A transition to hydrogen alternative to fossil fuel awaits decades of technological and infrastructural developments. As a soft switchover from the present carbon based fuel resources, nuclear energy in electricity generation is being widely favored with no GHG emissions. Nuclear power comes from Uranium and Thorium, the latter being more abundant worldwide. This paper outlines the special features associated with a thorium burning molten salt (fluoride)/ breeder reactor (MSR/MSBR) to produce electricity.

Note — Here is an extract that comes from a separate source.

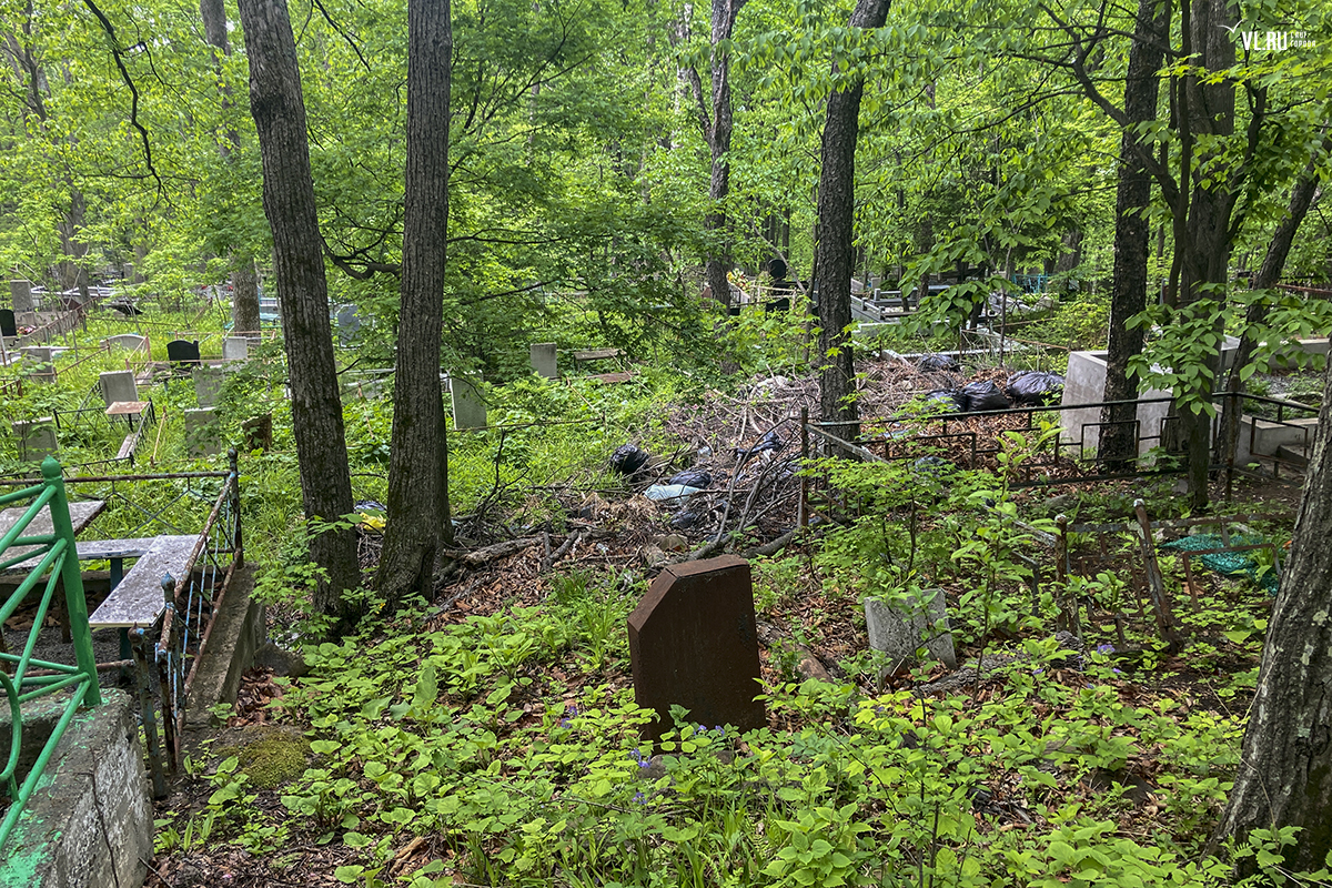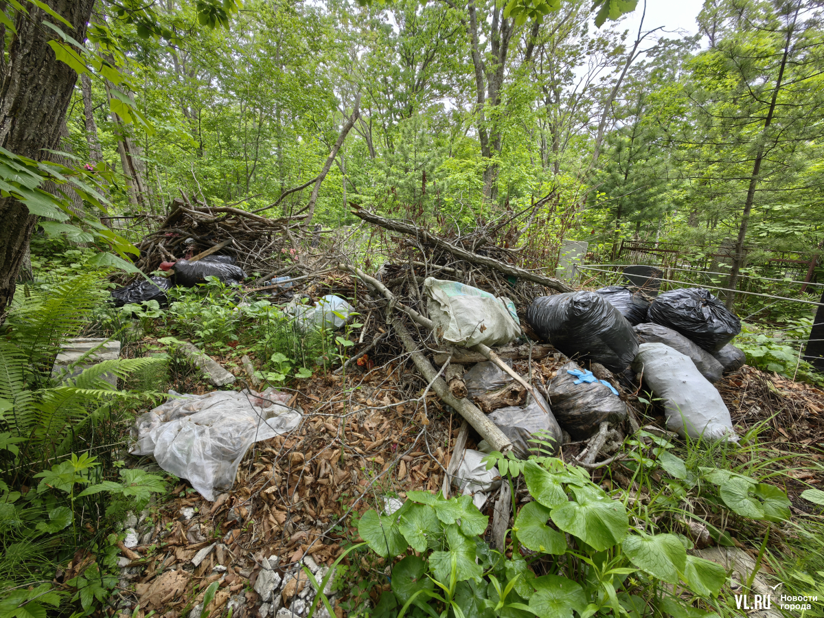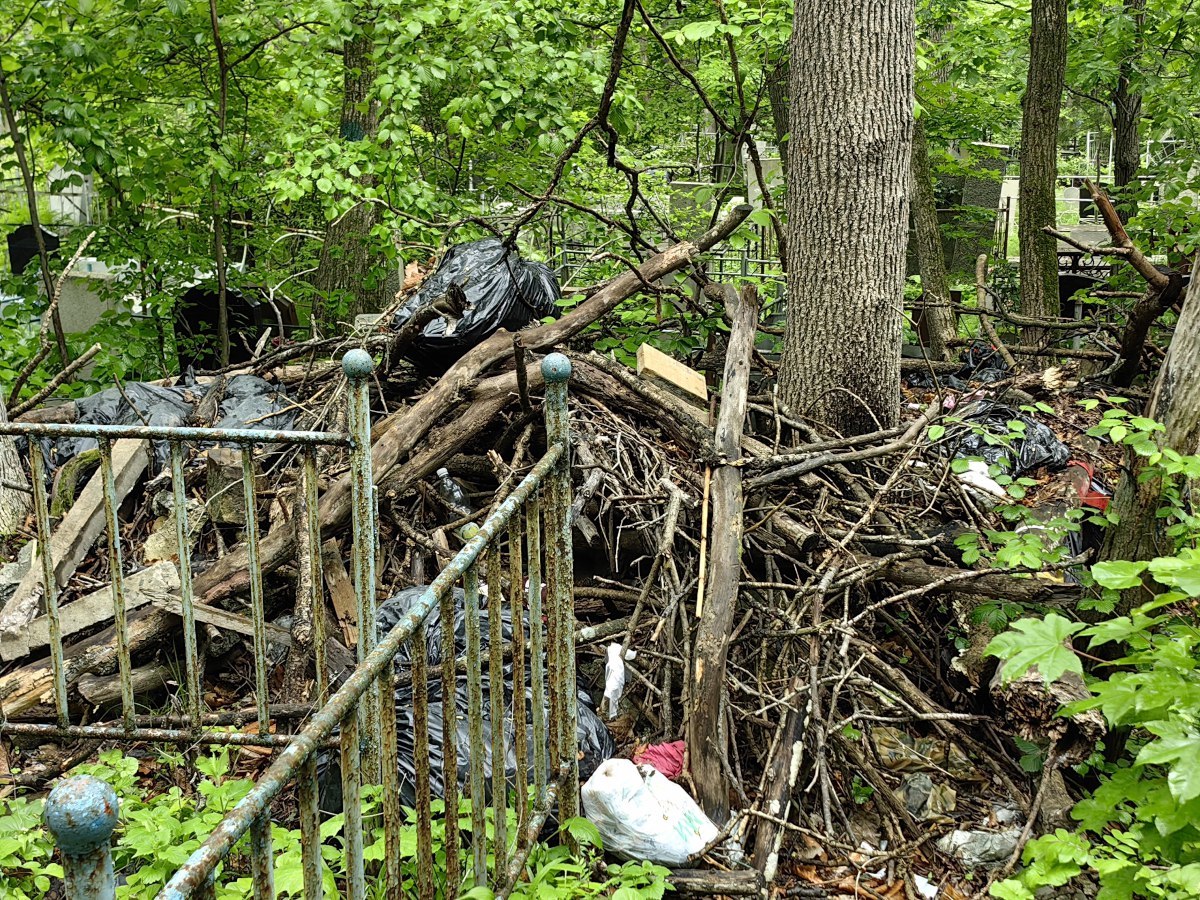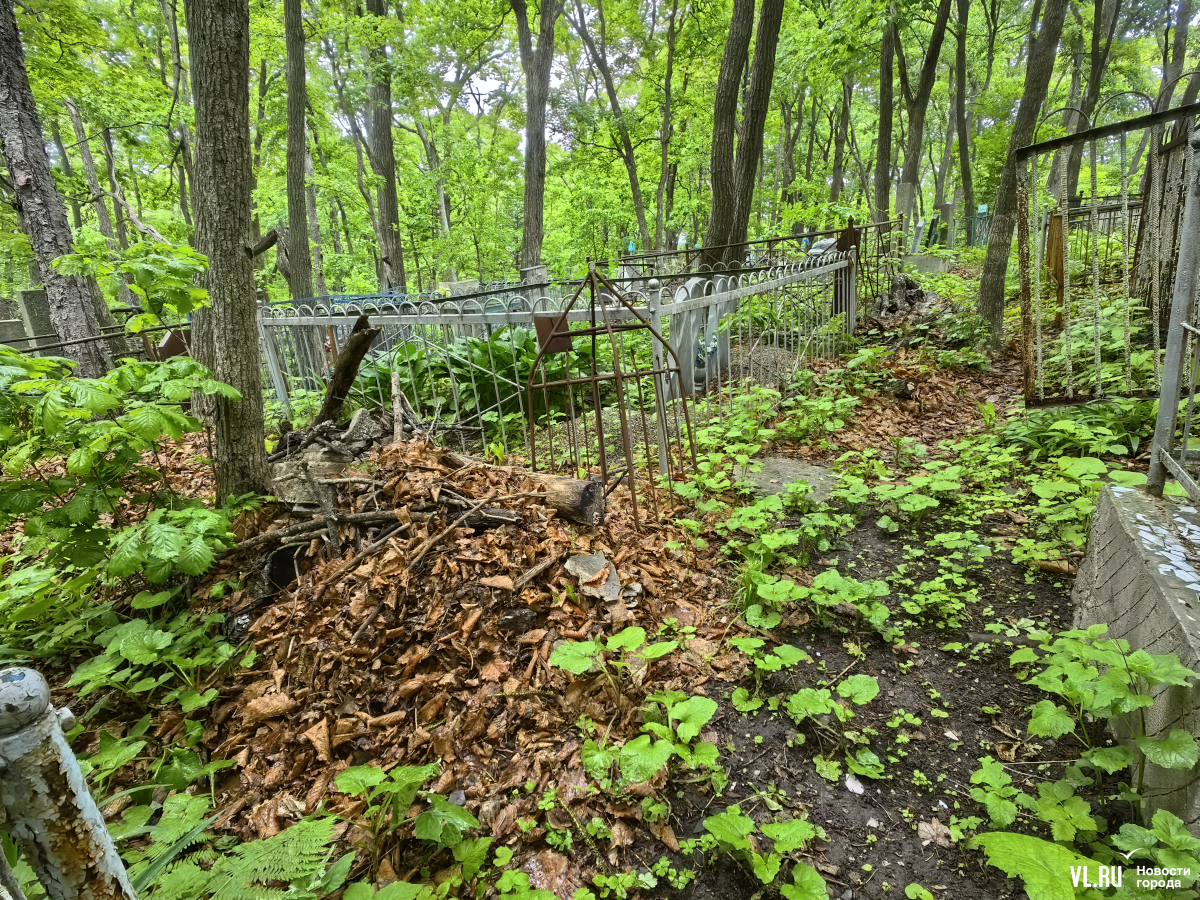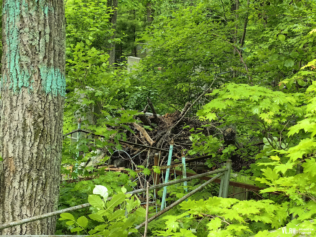 В последнее время руководители Приморья и Владивостока очень полюбили говорить о памяти, преемственности поколений и некоем наследии, которое остаётся после нас детям. Так вот – на Лесном кладбище до сих пор не ликвидировали свалки и горы веток, оставшиеся после «ледяного дождя», но, возможно, появившиеся и раньше. Состояние места упокоения удручает. К началу лета все извилистые тропки между могилами заросли, грунтовые дороги разбиты и размыты, участок возле колумбария просел, а ливнёвки сломаны.

On exposure to neutrons Th-232 transmutes to Th-233 which changes to Pa-233 in a few minutes. Pa-233 decays to U-233, a fissile isotope. Pa-233 has an undesirable affinity for capturing another neutron. Hence Pa-233 is isolated from neutron flux so that it decays as per planned to U-233, which is reintroduced in the neutron flux to undergo fission releasing atomic energy and additional neutrons to continue consumption of Th-232 in a cycle as before. The cycle of ‘expose-isolate-expose’ is accomplished satisfactorily in a MSR reactor. A solid core reactor is unsuitable. The lost neutron is sufficed by ‘priming’ to sustain a chain reaction.

In MSR/MSBR reactors, the coolant is air, not water. There is no danger of core meltdown. The U-233 fuel is gamma-emitter which is detected easily. The waste disposal problem is easily handled because the activity becomes nearly zero after 500 years of storage as against several thousand years from a U-235/Pu-239 reactors. Thus in one package a thorium burning reactor system addresses environmental, waste disposal, and security concerns. It is thus nuclear green with thorium.